22.2.05

JDO: My opinion

Due to the, say, failure of JDO (see the public review ballot) some developers (about a thousand) "signed" the Petition to the Java Community Process Executive Committee.

My opinion about JDO in some short statements is:
JDO is transparent in a different way than, for example, java.io.Serializable is. JDO manipulates class files, not the source code. I don't like this as you could run into difficulties when doing Test-Driven Development (TDD), and I like to see what is there (namely in the source code. There sometimes was a post on Joel on Software, The Law of Leaky Abstraction, about the problems with abstractions.).
JDO seems to be a good solution but not the best I could dream of. Just one remark to the disposedness of SAP, a really big software development company, about JDO: In later releases of the NetWeaver Developer Studio for Java, part of the huge NetWeaver architecture, JDO was not supported. Period. You could hack and get JDO out of it, but who wants to develop software that way?
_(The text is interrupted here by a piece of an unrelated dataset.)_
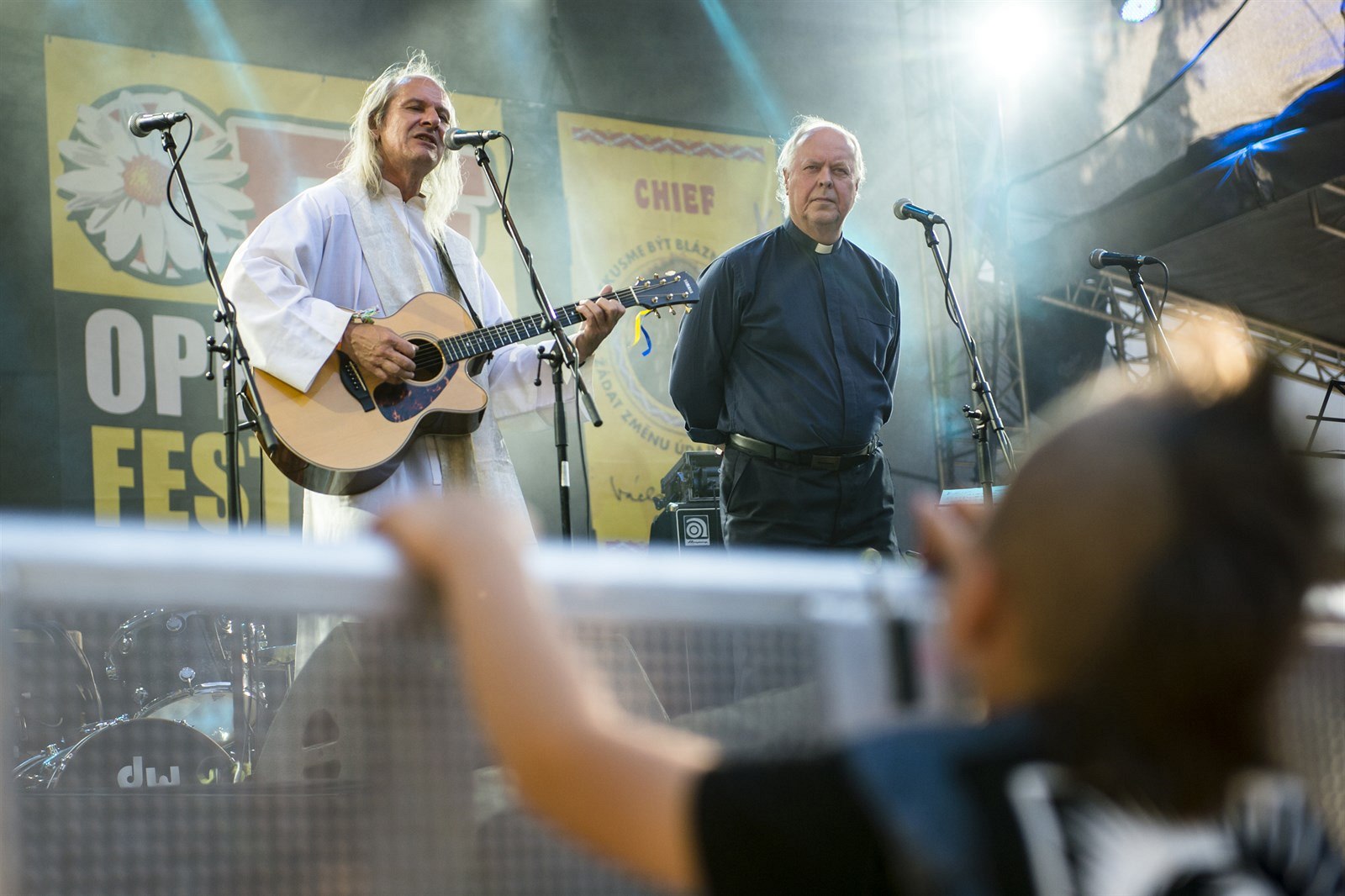 Bohoslužbu vedenou katolickým knězem Ladislavem Heryánem (na snímku vlevo) byl v trutnovském amfiteátru Na Bojišti zahájen 18. srpna hudební festival.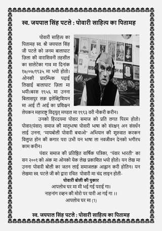 करीन। स्व. जयपाल हसिंि पटले िी ना आपरी कलम ला पोवारी सिंस्क

I would prefer a solution based on a code generator, or, if possible, something similar to java.io.Serializable (althought the latter may be too inconcrete to argue about, as it's only about introducing a marker interface). But a code generator would add the necessary flexibility as well as the necessary capability! And you could TDD your code as you like, do code coverage analysis on source code, which would make things much more fun. Some say, don't test third-party products. But relying on "a" third party toolkit made by people not known the to-believed trusting person is not the best sort of risk management to think about. Only one argument: Open-Source. Although not bad in general, many of these projects have kind of a charme like "Ahh, there is someone who wants to contribute, I don't know him, but he is willing to add something, so let him do. And if I, the project admin, find time, I will check what he really has done". I love open source but I would not trust it generally. There is no support, in contrast to many commercial products (allow me to cut it short here).